Here are a few interesting bits from the history of East Anglia.
- BURY ST-EDMONDS AND MAGNA CARTA. Bury St Edmunds is named after King Edmund of Anglia who was martyred in 870 by the Danes for his Christian beliefs. The 15th of June 1215 is rightly regarded as one of the most notable dates in the history of the world. Those who gathered at the high altar in the great Abbey church in November of the previous year could hardly of known the consequences that were to flow from their proceedings. The granting of Magna Carta at Runnymede marked the road to individual freedom, parliamentary democracy and the supremacy of the law.
The principles of Magna Carta which had their foundation at Bury St Edmunds and have been developed over the centuries by the common law, are the Heritage not only of those who live in these Islands, but of countless millions of races and Creeds throughout the world.
- CROMWELL (LORD PROTECTOR OF ENGLAND) Oliver Cromwell was born of middle-class parents on April 25th 1599 in the last year’s of the reign of Elizabeth the First.

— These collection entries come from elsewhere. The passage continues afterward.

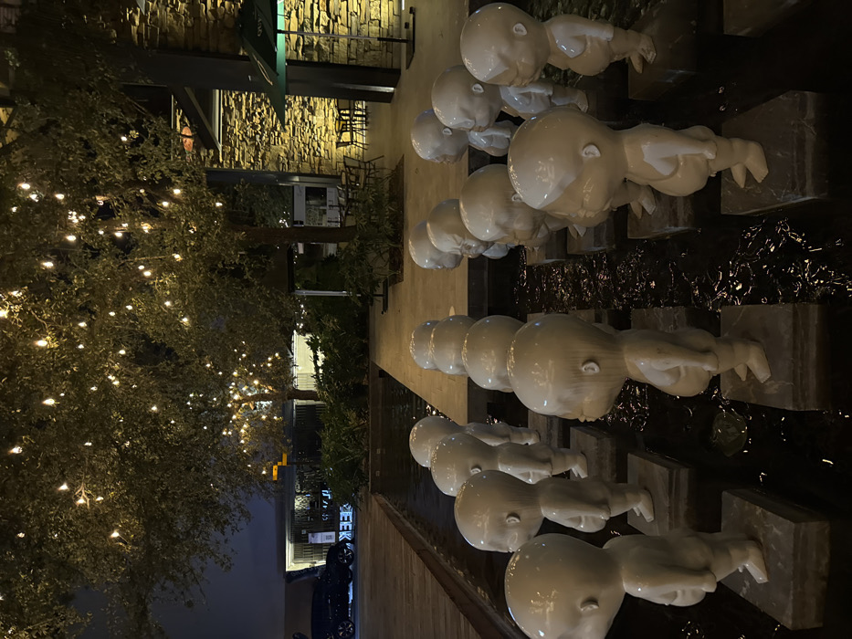 A nighttime view features rows of white, baby-like sculptures emerging from a water feature. The sculptures are evenly spaced and positioned horizontally. To the left, a tree adorned with twinkling lights adds to the ambiance. In the background, building exteriors and architectural details are partially visible. The scene is illuminated by artificial lighting, creating a contrasting play of light and shadow.
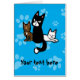 A customizable greetings card template featuring three cartoon cats. One tabby, one black and one white on a vibrant blue background with lighter blue pawprints.
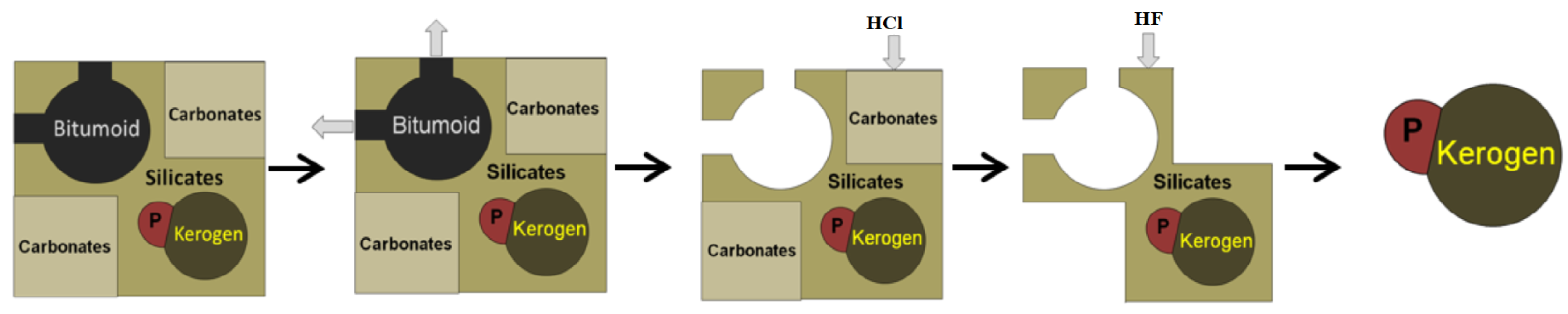 Kerogen isolation was achieved through sequential treatment of the crushed, de-bituminized rock with hydrochloric and hydrofluoric acid solutions. This approach is considered the only reliable method for determining the quantitative kerogen content. Residual bitumen was removed by re-extracting the isolated kerogen with chloroform.

Born in Huntingdon, where he went to the free Grammar School ( along with Samuel Pepys) Oliver afterwards spent a year at Cambridge University (1616 Sydney Sussex College) before completing his education at the Inns of Court, London.
General Ireton, although born in Nottinghamshire, when the Civil War broke out, raised a troop of horse and in 1643 served with Cromwell in East Anglia. One of the most famous quotes from Cromwell was “it is an odd thing Mr Ireton, that every man who wages war believes God is on his side. I’ll warrant God must often wonder who is on his!”